Gilbert Arthur Alsop (22 September 1908 – 16 April 1992) was an English professional footballer who played as a forward in the Football League for Coventry City, Walsall, West Bromwich Albion and Ipswich Town.

==Early life==
Alsop was born in Frampton Cotterell, Gloucestershire to Arthur George Alsop, a coal miner, and Florence Caroline Alsop (née Thornell). He had three older siblings; Frederick, Hilda and Arthur.

After leaving school, he signed for local amateur side Latteridge for a time, before signing for Southern League Bath City in August 1927.

==Professional career==
In December 1929 he moved to Football League Third Division South side Coventry City on professional terms. He spent two seasons with the Sky Blues but failed to gain a regular starting place, making only 16 league appearances and scoring four times.

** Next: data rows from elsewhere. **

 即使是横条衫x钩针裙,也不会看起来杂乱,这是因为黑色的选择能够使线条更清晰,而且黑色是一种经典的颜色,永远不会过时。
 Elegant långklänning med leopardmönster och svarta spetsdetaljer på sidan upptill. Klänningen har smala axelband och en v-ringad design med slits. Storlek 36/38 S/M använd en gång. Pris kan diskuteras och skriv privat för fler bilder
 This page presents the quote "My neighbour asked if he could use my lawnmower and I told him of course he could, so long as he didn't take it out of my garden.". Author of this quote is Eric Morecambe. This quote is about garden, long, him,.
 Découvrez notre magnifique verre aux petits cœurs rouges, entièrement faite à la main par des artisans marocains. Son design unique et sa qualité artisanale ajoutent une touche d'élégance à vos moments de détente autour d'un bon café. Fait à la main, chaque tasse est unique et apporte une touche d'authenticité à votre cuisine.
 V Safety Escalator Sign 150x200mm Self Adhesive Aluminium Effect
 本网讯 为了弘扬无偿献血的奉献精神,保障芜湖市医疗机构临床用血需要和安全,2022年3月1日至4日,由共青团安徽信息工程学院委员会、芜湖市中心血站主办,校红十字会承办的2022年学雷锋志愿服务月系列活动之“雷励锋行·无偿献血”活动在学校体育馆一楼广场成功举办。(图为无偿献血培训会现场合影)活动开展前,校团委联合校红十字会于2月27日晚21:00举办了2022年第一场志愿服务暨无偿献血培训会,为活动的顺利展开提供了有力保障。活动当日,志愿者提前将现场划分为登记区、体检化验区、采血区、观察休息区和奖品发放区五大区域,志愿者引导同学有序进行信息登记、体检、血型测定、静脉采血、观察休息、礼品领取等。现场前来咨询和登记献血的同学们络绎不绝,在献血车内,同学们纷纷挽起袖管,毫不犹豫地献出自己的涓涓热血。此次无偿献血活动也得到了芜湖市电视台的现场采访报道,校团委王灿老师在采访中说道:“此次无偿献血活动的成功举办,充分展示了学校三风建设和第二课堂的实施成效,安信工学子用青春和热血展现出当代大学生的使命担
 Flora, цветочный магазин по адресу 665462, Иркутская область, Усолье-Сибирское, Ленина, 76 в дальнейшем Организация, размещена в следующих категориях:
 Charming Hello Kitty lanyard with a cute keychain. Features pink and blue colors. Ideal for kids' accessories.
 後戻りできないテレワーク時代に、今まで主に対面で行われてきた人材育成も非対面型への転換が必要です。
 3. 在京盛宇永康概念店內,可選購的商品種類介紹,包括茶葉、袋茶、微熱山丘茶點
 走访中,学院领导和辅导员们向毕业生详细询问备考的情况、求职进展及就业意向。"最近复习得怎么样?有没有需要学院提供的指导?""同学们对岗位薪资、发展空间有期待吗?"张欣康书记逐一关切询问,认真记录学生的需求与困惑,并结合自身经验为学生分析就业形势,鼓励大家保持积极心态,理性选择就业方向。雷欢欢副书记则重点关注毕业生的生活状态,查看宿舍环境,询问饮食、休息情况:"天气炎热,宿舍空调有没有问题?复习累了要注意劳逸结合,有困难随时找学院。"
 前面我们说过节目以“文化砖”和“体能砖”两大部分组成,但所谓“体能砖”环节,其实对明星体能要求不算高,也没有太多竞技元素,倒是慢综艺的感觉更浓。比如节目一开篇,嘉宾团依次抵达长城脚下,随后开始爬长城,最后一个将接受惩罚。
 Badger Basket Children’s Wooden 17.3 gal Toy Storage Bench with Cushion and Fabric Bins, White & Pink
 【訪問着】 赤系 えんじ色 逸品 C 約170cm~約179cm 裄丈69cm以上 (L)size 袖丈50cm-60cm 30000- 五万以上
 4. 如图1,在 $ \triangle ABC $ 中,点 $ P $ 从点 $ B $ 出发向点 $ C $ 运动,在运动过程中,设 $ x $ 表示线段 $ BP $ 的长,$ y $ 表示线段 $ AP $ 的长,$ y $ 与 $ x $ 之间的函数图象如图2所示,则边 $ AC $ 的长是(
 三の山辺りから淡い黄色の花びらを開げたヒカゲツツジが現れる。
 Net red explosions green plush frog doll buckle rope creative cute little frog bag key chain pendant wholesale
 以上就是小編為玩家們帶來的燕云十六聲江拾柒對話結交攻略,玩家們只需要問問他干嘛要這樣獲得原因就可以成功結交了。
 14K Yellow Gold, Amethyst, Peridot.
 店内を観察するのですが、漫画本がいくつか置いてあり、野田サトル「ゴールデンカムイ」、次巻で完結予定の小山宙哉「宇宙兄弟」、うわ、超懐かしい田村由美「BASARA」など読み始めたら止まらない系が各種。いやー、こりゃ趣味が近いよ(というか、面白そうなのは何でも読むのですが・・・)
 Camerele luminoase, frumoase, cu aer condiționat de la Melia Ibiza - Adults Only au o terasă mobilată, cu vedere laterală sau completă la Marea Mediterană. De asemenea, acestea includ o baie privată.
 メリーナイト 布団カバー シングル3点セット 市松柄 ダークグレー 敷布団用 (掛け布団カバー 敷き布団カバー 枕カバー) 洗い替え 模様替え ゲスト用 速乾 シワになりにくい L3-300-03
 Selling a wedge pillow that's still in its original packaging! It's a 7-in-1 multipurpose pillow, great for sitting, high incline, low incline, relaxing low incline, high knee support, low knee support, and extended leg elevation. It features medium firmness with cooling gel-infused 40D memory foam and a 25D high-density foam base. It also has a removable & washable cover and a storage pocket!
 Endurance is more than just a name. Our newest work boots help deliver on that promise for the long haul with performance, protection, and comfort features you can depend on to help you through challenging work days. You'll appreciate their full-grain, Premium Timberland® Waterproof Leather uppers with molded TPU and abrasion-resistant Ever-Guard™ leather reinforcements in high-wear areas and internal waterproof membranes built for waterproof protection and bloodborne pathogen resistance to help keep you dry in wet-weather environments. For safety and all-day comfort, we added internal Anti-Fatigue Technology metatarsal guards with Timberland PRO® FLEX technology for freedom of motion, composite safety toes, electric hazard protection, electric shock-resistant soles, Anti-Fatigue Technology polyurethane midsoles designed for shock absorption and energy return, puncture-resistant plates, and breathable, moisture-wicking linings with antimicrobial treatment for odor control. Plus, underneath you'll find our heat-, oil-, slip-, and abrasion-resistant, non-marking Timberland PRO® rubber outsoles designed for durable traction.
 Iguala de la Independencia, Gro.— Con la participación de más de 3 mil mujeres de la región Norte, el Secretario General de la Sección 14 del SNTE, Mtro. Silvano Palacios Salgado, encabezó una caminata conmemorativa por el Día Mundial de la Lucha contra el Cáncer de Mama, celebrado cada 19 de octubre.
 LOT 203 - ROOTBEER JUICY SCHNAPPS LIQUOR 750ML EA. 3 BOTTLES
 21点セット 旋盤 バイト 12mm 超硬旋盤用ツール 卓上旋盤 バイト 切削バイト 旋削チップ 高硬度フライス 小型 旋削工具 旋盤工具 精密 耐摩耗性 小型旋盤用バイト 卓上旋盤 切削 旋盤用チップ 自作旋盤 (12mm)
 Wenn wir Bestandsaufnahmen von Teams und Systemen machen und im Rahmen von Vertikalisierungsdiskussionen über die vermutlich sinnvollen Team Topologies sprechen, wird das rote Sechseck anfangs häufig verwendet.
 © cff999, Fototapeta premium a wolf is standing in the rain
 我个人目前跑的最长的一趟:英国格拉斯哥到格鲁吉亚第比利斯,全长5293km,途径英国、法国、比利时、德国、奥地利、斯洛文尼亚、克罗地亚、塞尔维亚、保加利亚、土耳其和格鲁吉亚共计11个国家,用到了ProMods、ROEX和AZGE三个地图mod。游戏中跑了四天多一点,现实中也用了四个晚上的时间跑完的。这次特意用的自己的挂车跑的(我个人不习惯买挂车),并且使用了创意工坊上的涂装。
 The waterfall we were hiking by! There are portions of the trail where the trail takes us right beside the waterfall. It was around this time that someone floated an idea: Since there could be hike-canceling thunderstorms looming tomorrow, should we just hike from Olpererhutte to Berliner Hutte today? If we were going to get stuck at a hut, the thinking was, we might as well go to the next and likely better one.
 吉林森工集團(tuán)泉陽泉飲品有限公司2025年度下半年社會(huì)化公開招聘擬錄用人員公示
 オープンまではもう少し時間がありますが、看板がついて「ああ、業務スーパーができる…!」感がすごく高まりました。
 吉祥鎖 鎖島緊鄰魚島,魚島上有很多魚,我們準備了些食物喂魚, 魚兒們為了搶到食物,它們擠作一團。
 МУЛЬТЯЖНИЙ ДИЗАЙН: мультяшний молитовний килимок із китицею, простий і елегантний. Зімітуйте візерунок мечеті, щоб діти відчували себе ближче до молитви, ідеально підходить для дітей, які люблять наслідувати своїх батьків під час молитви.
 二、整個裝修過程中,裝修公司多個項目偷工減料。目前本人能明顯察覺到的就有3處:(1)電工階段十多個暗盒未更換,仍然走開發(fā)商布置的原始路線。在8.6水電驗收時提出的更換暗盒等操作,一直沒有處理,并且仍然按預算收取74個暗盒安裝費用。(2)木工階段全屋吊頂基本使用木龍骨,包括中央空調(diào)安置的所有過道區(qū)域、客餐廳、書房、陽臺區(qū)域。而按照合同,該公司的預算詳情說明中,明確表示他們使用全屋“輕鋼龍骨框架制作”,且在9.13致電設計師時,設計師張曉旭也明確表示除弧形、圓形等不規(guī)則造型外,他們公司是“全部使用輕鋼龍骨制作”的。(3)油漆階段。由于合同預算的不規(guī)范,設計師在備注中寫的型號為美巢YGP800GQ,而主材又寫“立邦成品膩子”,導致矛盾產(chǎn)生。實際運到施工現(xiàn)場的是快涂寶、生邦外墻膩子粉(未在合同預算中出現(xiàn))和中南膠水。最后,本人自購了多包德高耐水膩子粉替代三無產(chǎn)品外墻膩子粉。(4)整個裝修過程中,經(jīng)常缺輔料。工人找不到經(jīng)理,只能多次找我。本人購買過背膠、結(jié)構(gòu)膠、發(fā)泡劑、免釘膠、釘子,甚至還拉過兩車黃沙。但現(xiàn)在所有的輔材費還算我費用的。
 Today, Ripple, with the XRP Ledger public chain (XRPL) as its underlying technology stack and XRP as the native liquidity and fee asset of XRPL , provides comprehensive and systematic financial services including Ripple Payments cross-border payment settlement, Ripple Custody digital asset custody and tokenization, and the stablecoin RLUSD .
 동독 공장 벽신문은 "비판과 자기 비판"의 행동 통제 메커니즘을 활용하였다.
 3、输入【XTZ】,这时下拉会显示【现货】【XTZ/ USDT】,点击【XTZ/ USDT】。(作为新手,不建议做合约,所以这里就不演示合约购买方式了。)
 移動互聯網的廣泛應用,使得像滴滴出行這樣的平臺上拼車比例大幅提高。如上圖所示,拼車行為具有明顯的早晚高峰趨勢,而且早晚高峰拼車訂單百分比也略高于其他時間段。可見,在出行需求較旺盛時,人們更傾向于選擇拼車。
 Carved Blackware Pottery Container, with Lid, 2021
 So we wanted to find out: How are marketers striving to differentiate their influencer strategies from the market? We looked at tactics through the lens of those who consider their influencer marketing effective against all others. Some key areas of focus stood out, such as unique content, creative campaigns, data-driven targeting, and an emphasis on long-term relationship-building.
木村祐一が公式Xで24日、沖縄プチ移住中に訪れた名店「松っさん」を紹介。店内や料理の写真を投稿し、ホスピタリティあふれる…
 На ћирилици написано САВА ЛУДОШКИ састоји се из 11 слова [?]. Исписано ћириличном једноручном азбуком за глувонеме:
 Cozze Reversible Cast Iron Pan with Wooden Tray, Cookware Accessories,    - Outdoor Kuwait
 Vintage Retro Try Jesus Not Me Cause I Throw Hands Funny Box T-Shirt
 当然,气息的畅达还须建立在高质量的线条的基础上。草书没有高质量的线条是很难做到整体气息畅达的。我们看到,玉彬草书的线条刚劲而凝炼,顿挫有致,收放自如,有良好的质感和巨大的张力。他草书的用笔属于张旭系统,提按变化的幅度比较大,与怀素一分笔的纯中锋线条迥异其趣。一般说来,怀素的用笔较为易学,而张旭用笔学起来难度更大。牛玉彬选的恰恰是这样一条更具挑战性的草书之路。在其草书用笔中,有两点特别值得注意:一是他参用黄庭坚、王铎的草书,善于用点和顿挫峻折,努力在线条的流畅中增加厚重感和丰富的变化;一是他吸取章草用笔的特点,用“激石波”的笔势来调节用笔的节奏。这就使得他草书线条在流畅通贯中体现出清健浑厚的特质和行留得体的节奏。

He started the first of two very successful spells at Walsall in September 1931, scoring on his debut in a 2–0 win over Doncaster Rovers. He went on to score 15 times in his first season with the Saddlers. In January 1933 he scored the opening goal in Walsall's 2–0 win over Herbert Chapman's Arsenal in the FA Cup. A result still regarded as one of the greatest FA Cup upsets of all-time.

After a remarkable scoring return of 40 goals in all competitions in 1933–34 and 48 goals in all competitions in 1934–35, Alsop attracted the attention of clubs further up the league and moved to First Division West Bromwich Albion in November 1935. However, Alsop found his first team opportunities were severely limited by the form of W. G. Richardson and Harry Jones, managing only one league appearance for the club in his two seasons at The Hawthorns.

Alsop signed for Ipswich Town in May 1937 and scored 30 goals in 39 senior matches in the Southern League and the Third Division South. He scored in Ipswich's first ever match in the Football League – a 4–2 victory over Southend United in August 1938.

He returned to Walsall in October 1938 and, despite the outbreak of war, made a further 106 appearances and continued his prolific goalscoring form for the Midlands side. He played his last full season at Fellows Park as player-coach to Walsall's third team in 1947–48, before eventually retiring in May 1948. In all competitions, Alsop played 324 times for Walsall and scored 226 goals.

==Later life==
Alsop worked behind the scenes at Fellows Park for a further 20 years or so after retiring and later became groundsman of the playing fields adjoining Walsall Arboretum. He was still attending home games at Bescot Stadium, right up to his death in April 1992 at the age of 83.